It's not. It's where boring people go to die.
For Brits that frequent Blackpool you might recognise the main strip; crappy café after crappy café complete with wobbly Formica tables, laminated menus and unoriginal names scrawled in fluorescent colours.
From here you can look out onto Australia's most boring beach as you sip tepid pints from the Irish bar or down a heart attack in a glass - also known as an 'iced mocha.'
Sure, it's one of the main gateways to Fraser Island, the national park with clear freshwater lakes and untouched rainforests.
And yes, through July to October it has one of the best views for migrating humpback whales.

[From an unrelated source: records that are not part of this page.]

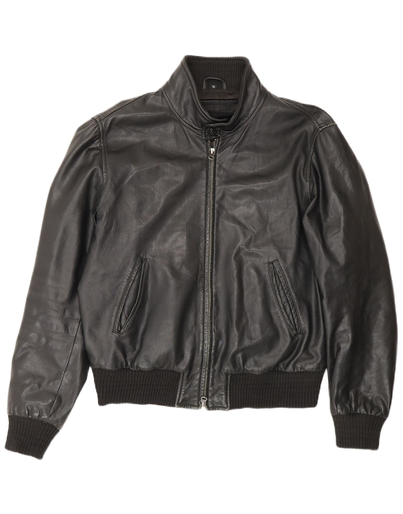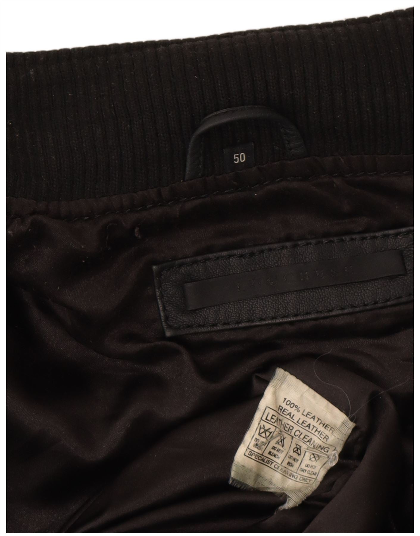 Vintage Mens Bomber Leather Jacket IT 50 Large Black Leather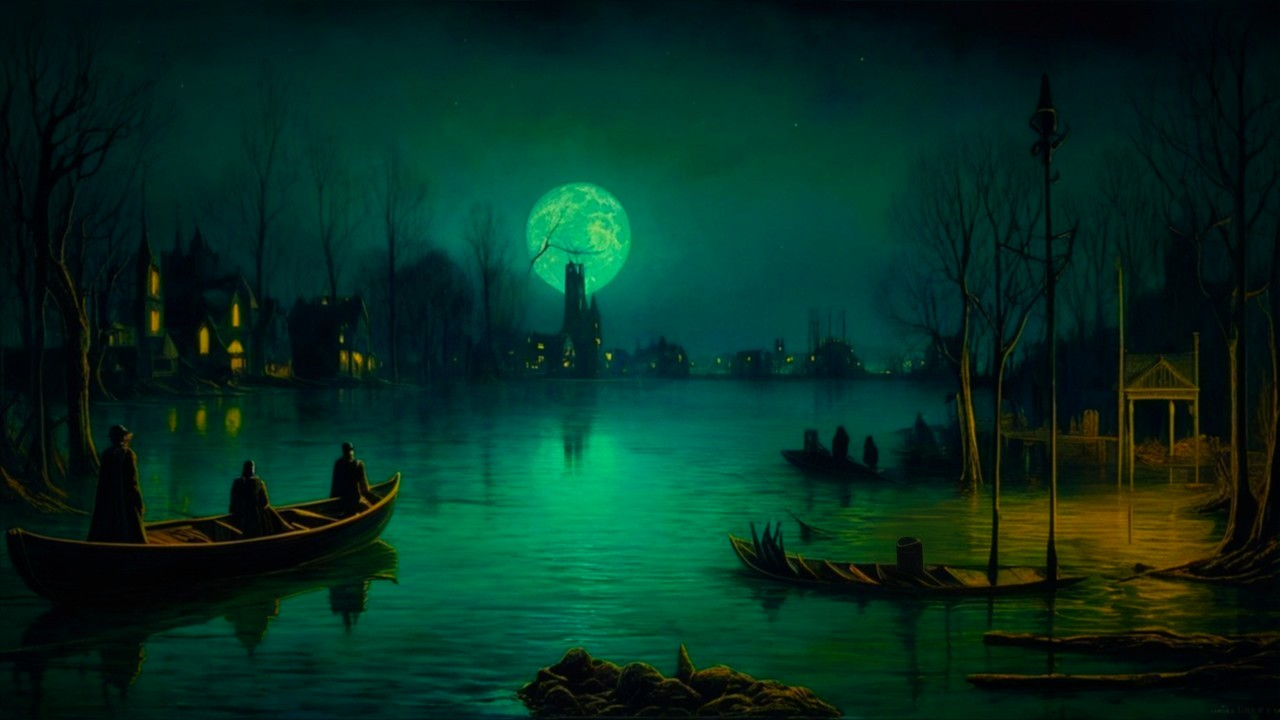 Prompt: "The drowning lake at midnight. A flooded town underwater.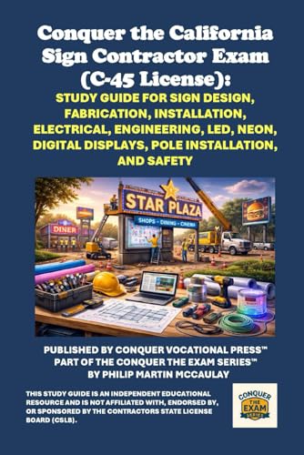 Conquer the California Sign Contractor Exam (C-45 License): Study Guide for Sign Design, Fabrication, Installation, Electrical, Engineering, LED, Neon, Digital Displays, Pole Installation, and Safety

But this doesn't help Hervey Bay.
And neither do the window displays.
It's a place where the only extreme sport is sleeping in a hot room.
It's where my husband threatened to walk into the sea and never turn around.

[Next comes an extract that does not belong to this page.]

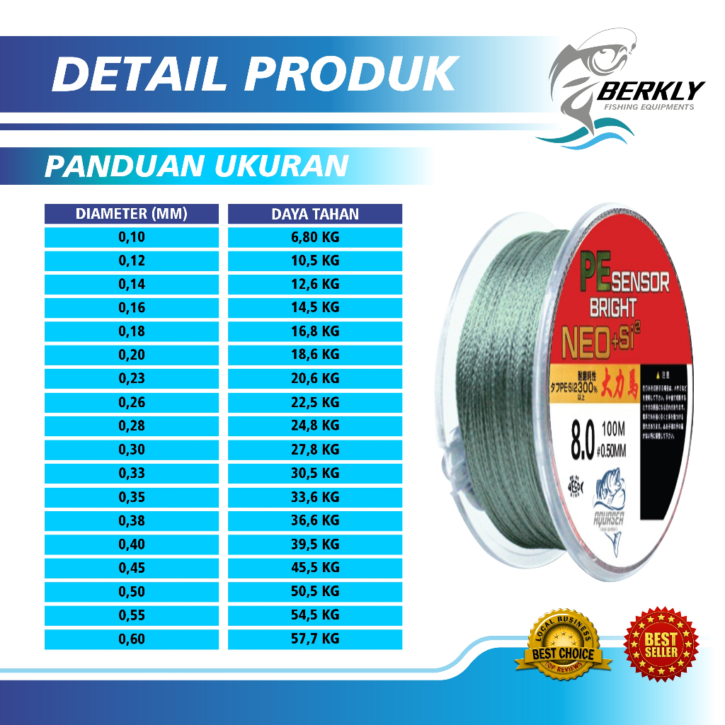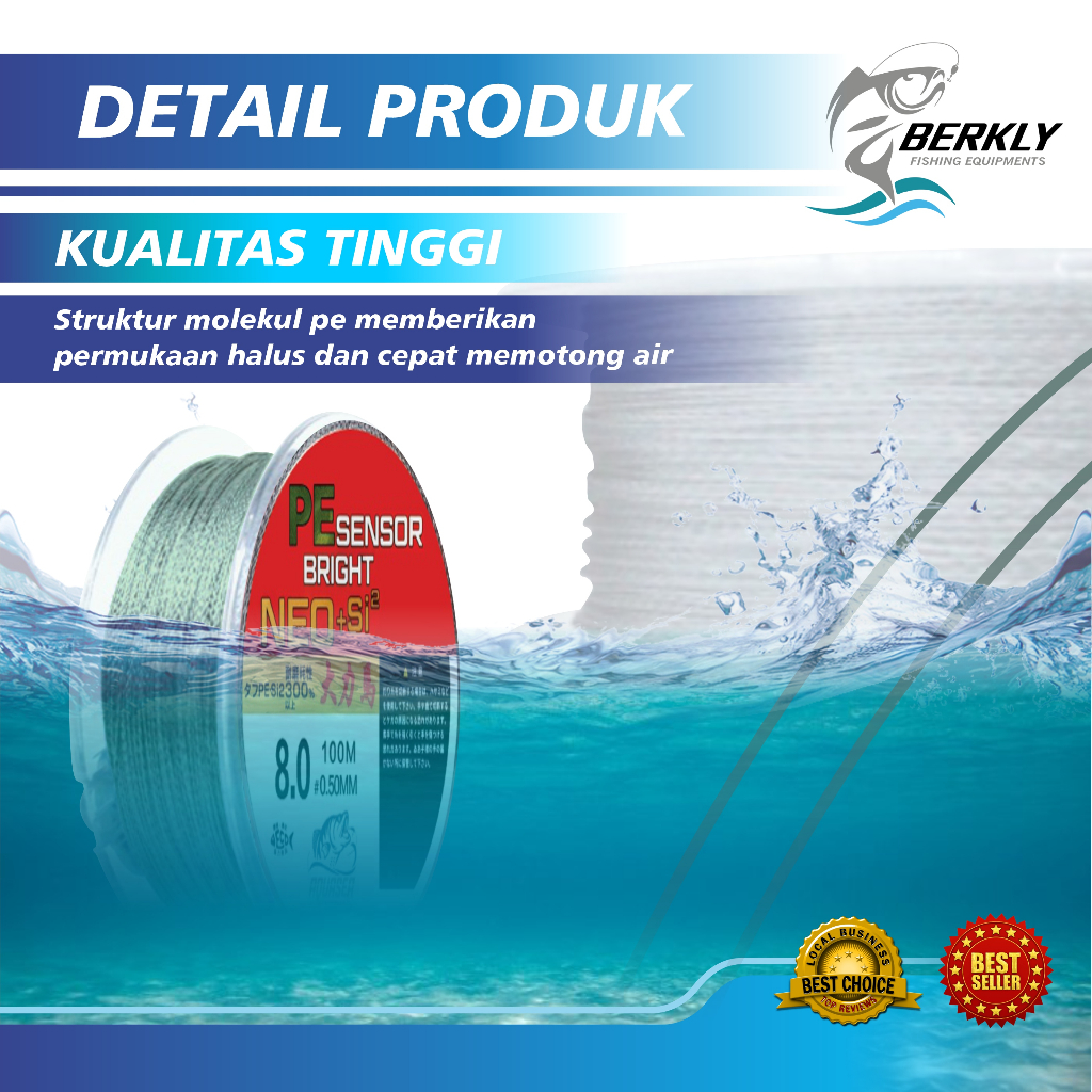 BERKLY - Tali Pancing 100m Senar Pancing PE Sensor Bright Warna Hijau Sensor NEO+si2 Jepang Senar Pancing 100m Super Kuat Bahan PE

It's the first time I've doubted Lonely Planet.
Woah.
Now, don't get me wrong. Without it as a guide I probably wouldn't have found all of my favourite parts of East Coast Australia.
But I guess we should all take a moment to think about the person that had to write this particular chapter of the guidebook. They'd been given the task of filling over five pages with the joys of caravan parks, idiot jet skiers and 'youthful anticipation.'
My advice: make your stay in Hervey Bay a brief one.